▶ Exercise data
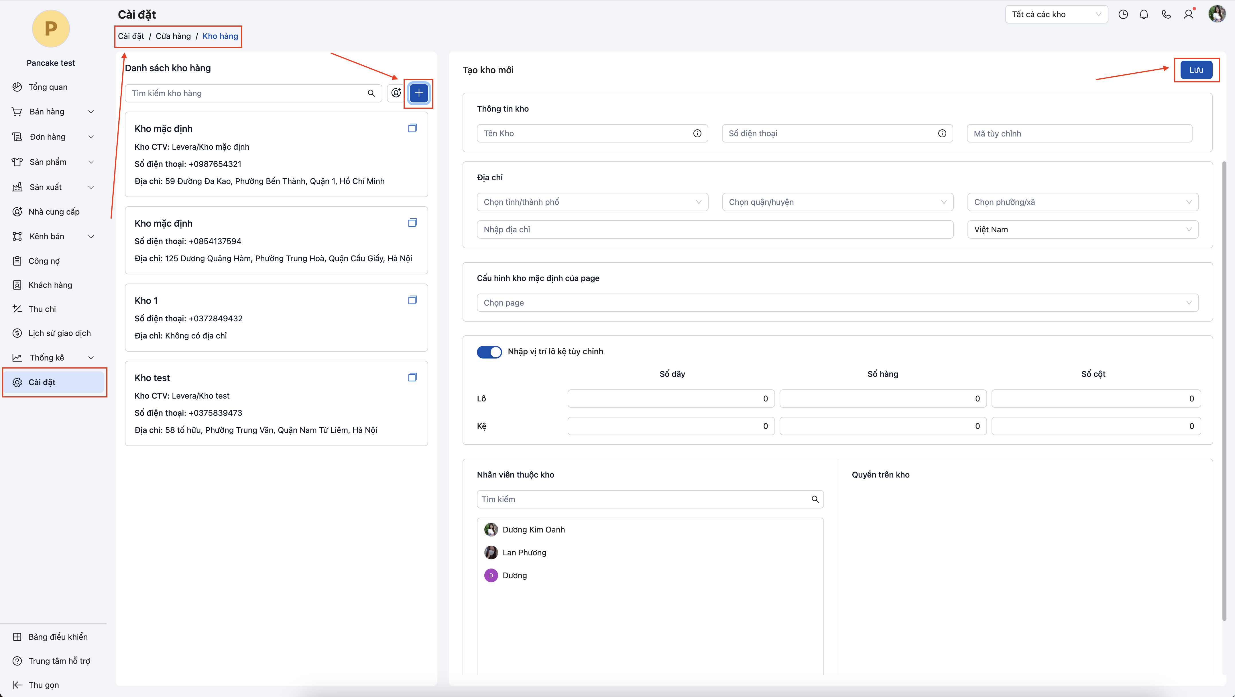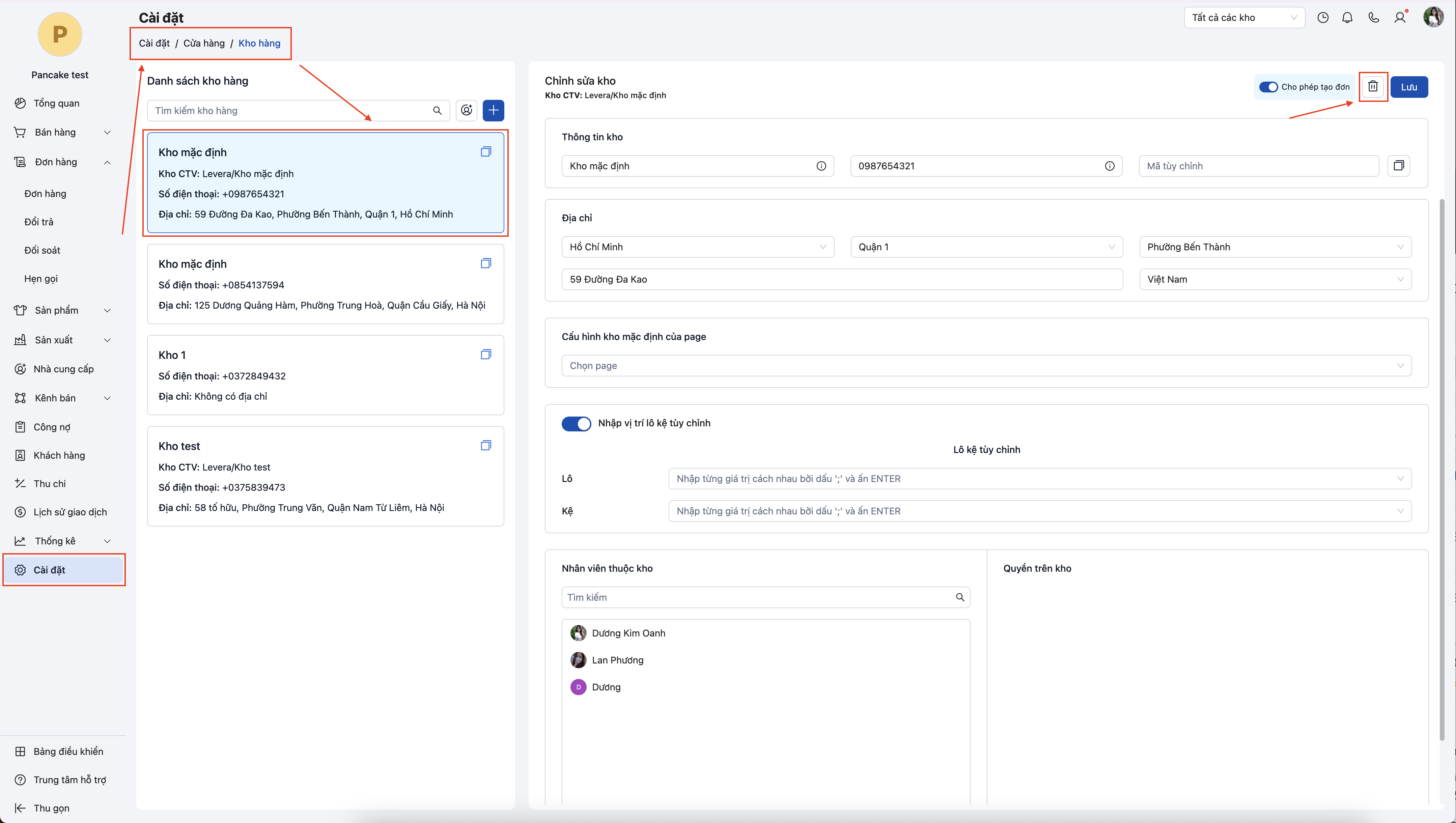 **Xoá kho:** Hành động **không thể hoàn tác** này sẽ xoá vĩnh viễn thông tin kho hàng, cấu hình kho và tồn kho của các sản phẩm thuộc kho.
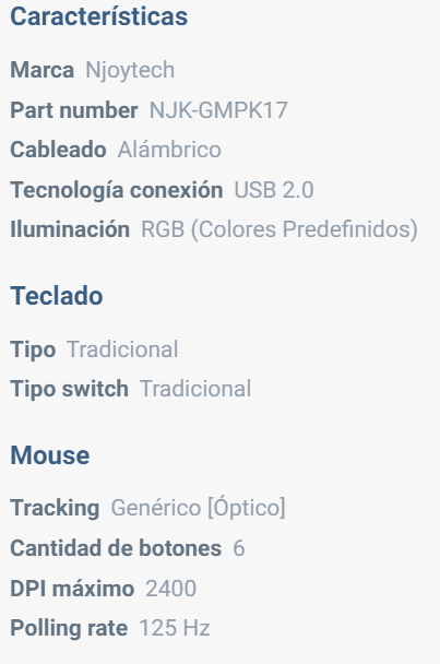 TECLADO GAMER CON MOUSE INCLUIDO RGB CABLEADO GHOST KNIGHT 2 Stock por sucursal Stock por sucursal $ 3.950 cantidad Agregar al carro Avísame cuando llegue
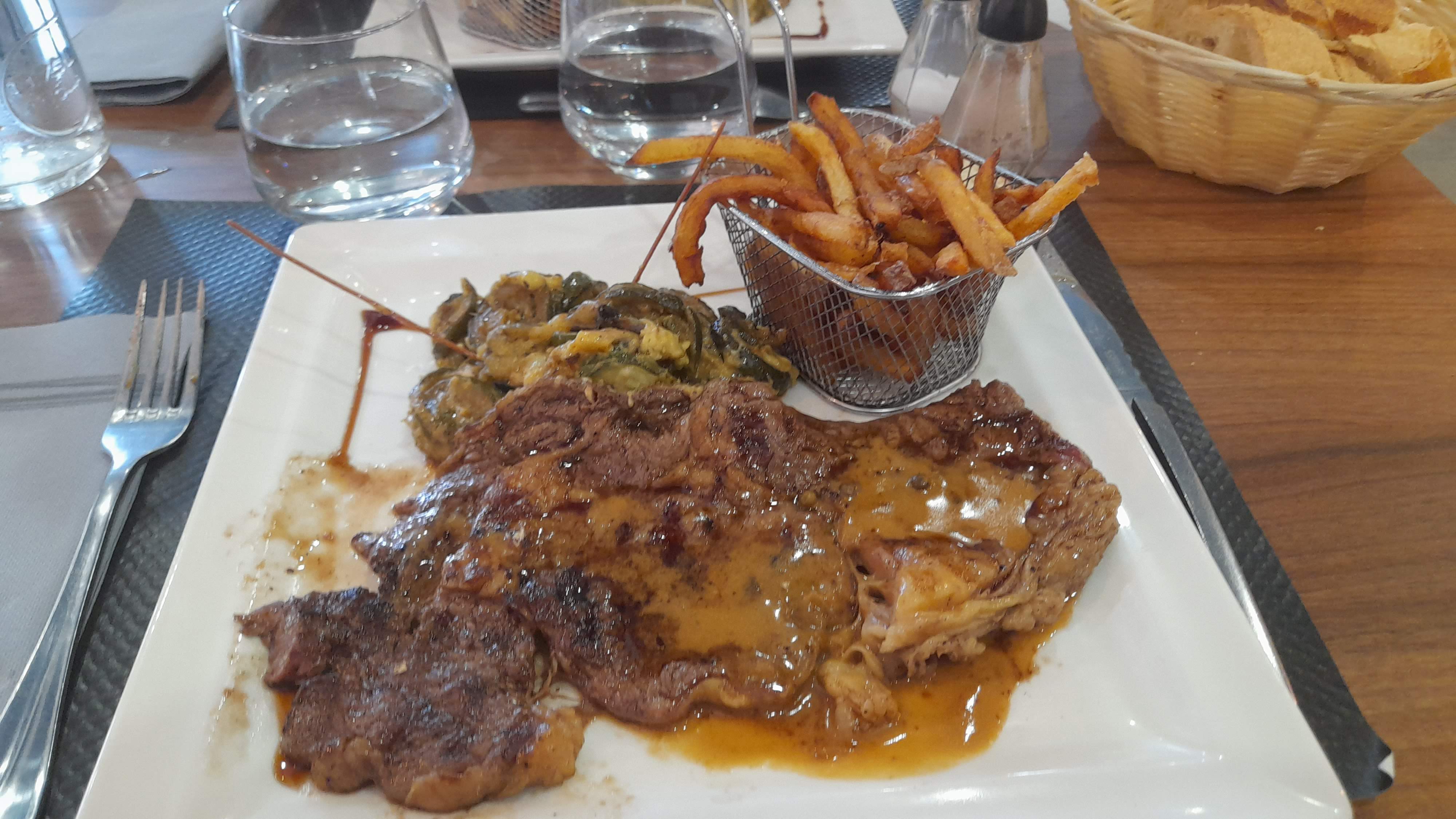 Très bon repas , pour ma part j'ai choisi l'entrecôte servie avec des frittes , de la salade et une sauce absolument délicieuse. La viande est de très bonne qualité et les accompagnements succulents ! Je recommande pour un bon repas du midi avec des bon produits du coin

▶ What you are asked to do
The data above should be restated exactly, with its images dropped.

▶ Result for this exercise
 **Xoá kho:** Hành động **không thể hoàn tác** này sẽ xoá vĩnh viễn thông tin kho hàng, cấu hình kho và tồn kho của các sản phẩm thuộc kho.
 TECLADO GAMER CON MOUSE INCLUIDO RGB CABLEADO GHOST KNIGHT 2 Stock por sucursal Stock por sucursal $ 3.950 cantidad Agregar al carro Avísame cuando llegue
 Très bon repas , pour ma part j'ai choisi l'entrecôte servie avec des frittes , de la salade et une sauce absolument délicieuse. La viande est de très bonne qualité et les accompagnements succulents ! Je recommande pour un bon repas du midi avec des bon produits du coin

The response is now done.